Городок - Анатолий Приставкин 3 стр.


Не для чего ходить в поле и на реку. А если Шохов пошел, то не зря пошел, а по дальнему скрытому замыслу, которого пока и сам не знал, а знала одна судьба его, которой он доверял - и, видать, не напрасно.

Возвращаясь в город, Шохов взял правей и забрался на долгий холм, одной своей оконечностью спускавшийся к реке, а другой теряющийся в сумерках. Под холмом, невидимый, но угадываемый по мелким зарослям ивняка, протекал ручей, а за ручьем, в серой и стертой дали звездочкой пятой категории, как говорят астрономы, то есть едва-едва различимой, светился огонек.

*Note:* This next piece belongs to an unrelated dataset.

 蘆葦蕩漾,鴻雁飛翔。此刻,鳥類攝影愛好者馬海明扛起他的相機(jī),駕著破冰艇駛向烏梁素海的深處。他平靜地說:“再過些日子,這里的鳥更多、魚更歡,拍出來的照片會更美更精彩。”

Шохов пристально, до рези в глазах всматривался в этот загадочный свет, и поняв, что это то, что ему сейчас необходимо больше жизни, слишком торопливо и нерасчетливо пошел, почти побежал вниз, в сырой овраг, проваливаясь в кочкарник и обламывая по пути кусты. Он шел, оскальзываясь, спотыкаясь, тяжело дыша, и, наверное, встреть его кто-нибудь из людей, принял бы за пьяного, сбившегося с дороги. Но он и был как пьяный, и только про себя держал одно: не сбиться, не потерять крохотный свет, то пропадающий за ветками, то возникающий вновь.

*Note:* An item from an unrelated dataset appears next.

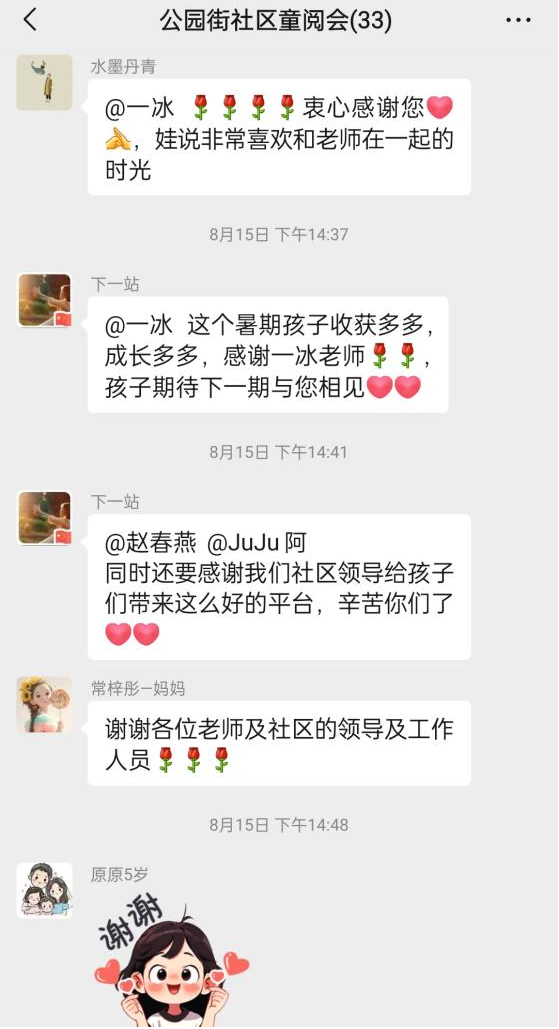 課堂時光短暫,卻如點點星光般在孩子們心中留下了溫暖指引和深刻的印記。家長們由衷感慨:“社區童閱會暑期課堂真是解決了我們的后顧之憂!孩子每天都盼著去,回家后總興奮地分享新學到的知識,讓我們能踏踏實實安心工作,我們真是省心又暖心!”

Через полчаса, не меньше, хоть времени не считал и не чувствовал, встал он у необычной избушки, единственной здесь, на склоне оврага. Как в гипнозе, смотрел, не шевелясь, на маленькое окошечко в глухой теперь темноте, которое светилось вовсе неярко, но глаз нельзя было отвести от этого завораживающего света.

Темными зимними вечерами потом, когда все сошлось у них, сблизилось и души и мысли нараспашку, вспоминали Шохов и Петруха эту первую встречу в избушке.

Шохов тогда через двери из тесных сенцев услышал, как кричал в избе на всю силу магнитофон какую-то залихватскую песню.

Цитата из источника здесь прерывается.